## Task goal
Transcribe the full listing below, word for word, without pictures.

Start of Information provided

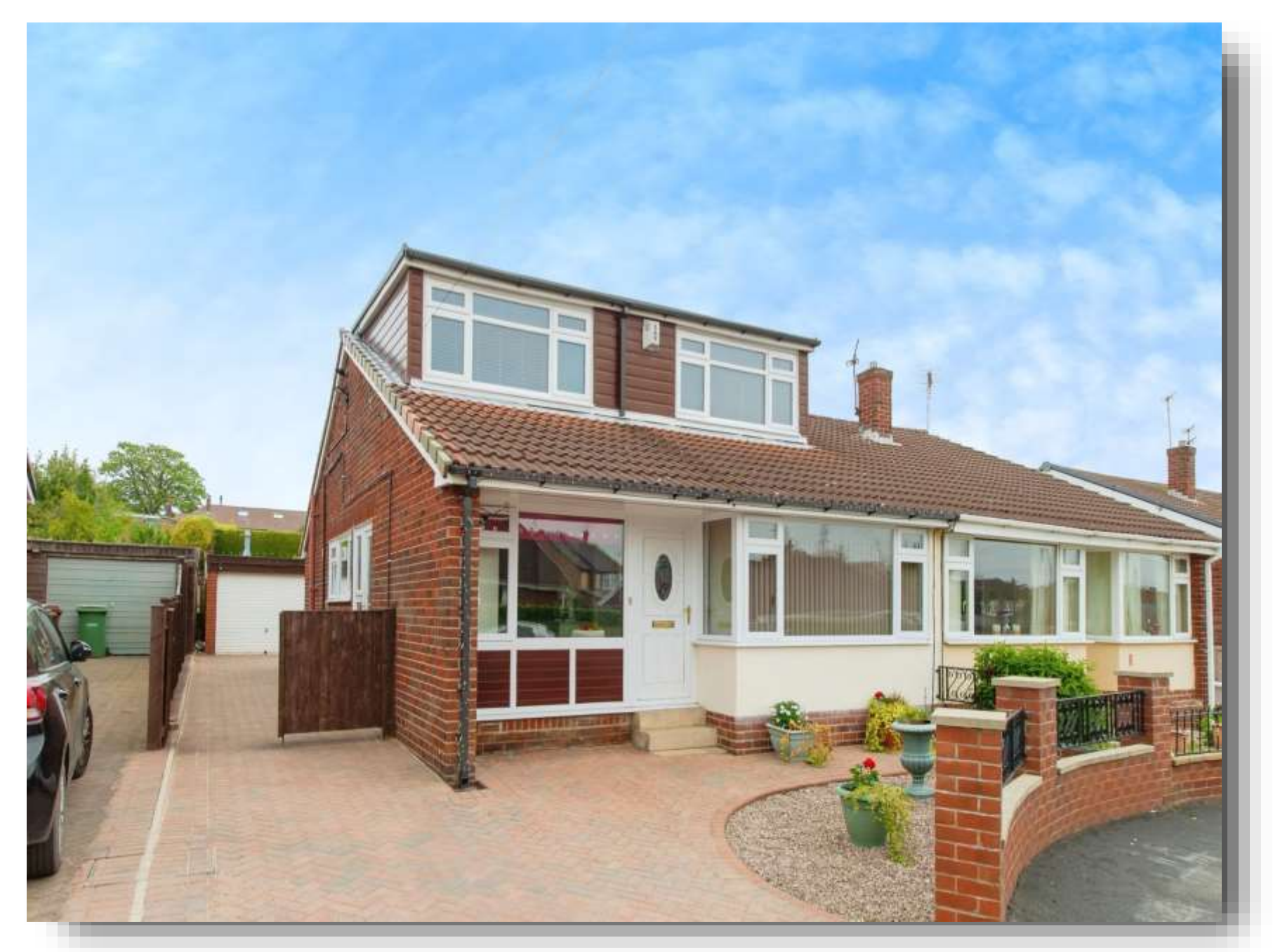
Acacia Close, Castleford WF10 3PG
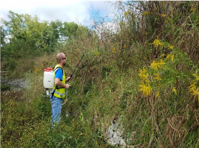
Herbicide application with backpack sprayer
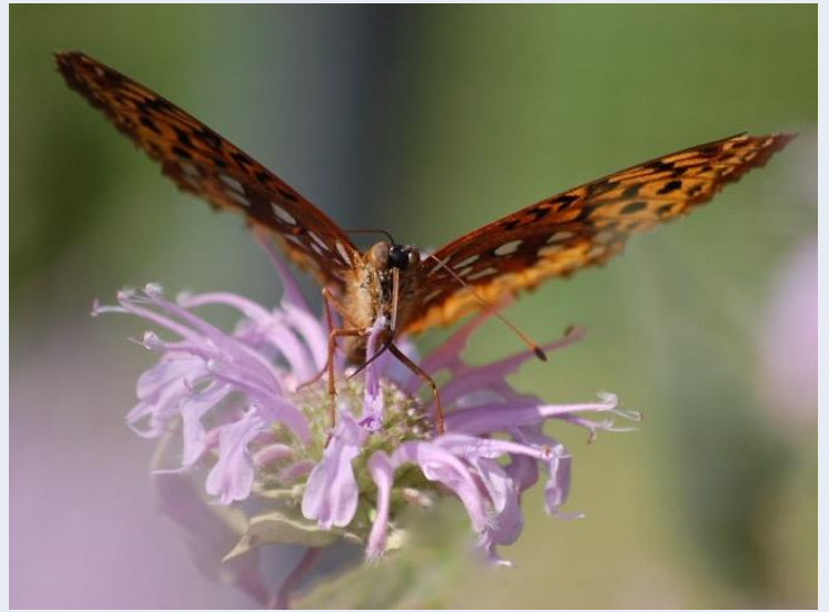
Watchful Eyes
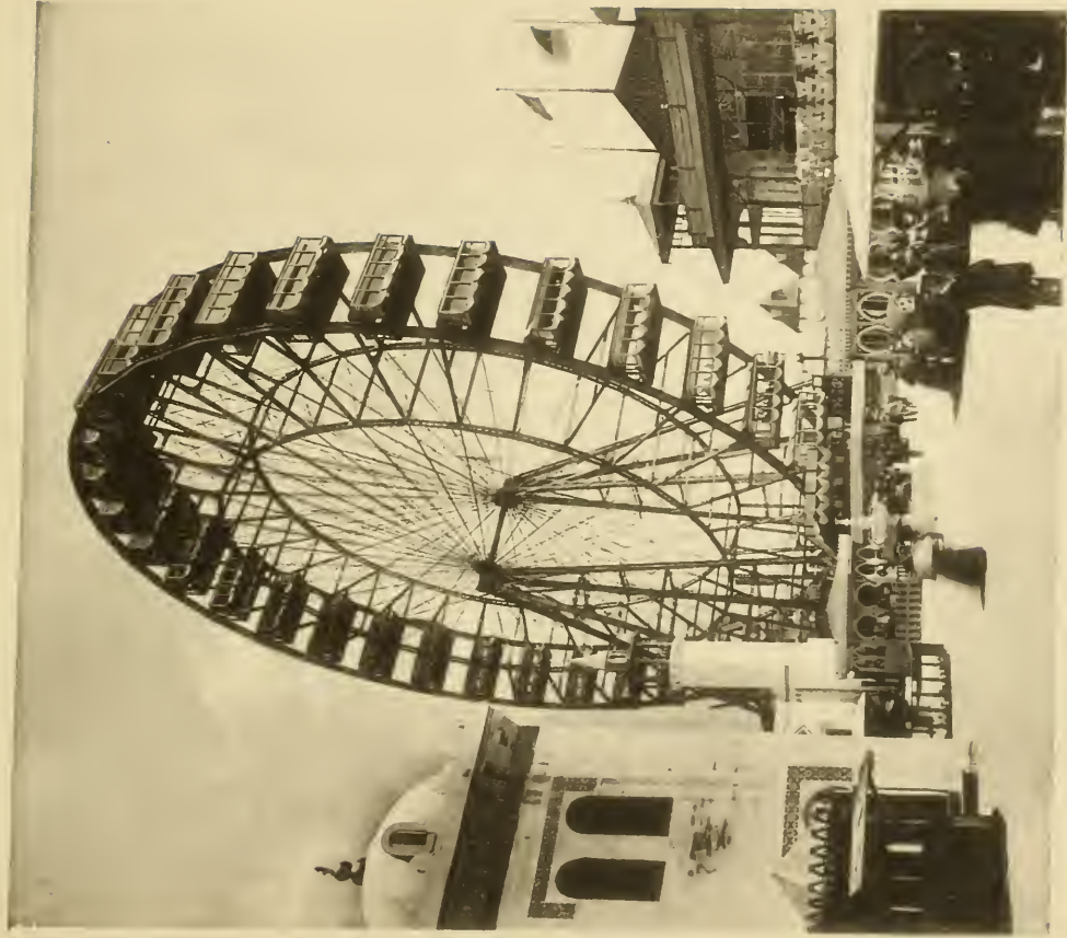
The Ferris Wheel.
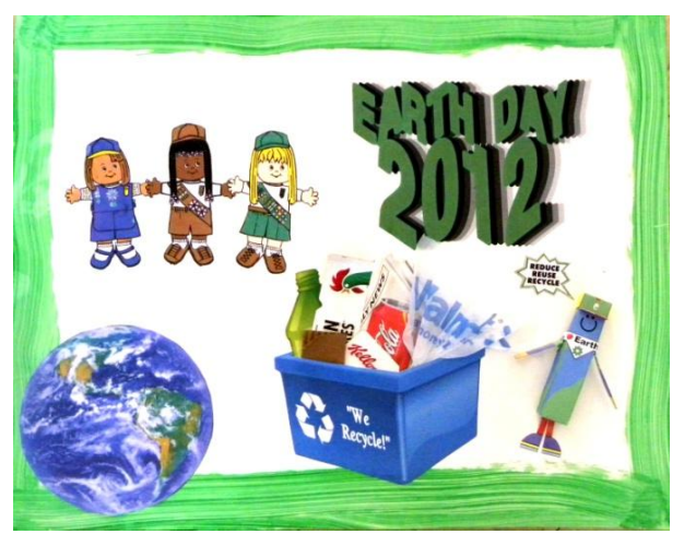
Emaryl's Girl Scout Poster

Although it's been said many times, many ways (Iroquois-Ojenyunyat Sungwiyadeson

End of Information provided

## Result of this task
Acacia Close, Castleford WF10 3PG
Herbicide application with backpack sprayer
Watchful Eyes
The Ferris Wheel.
Emaryl's Girl Scout Poster

Although it's been said many times, many ways (Iroquois-Ojenyunyat Sungwiyadeson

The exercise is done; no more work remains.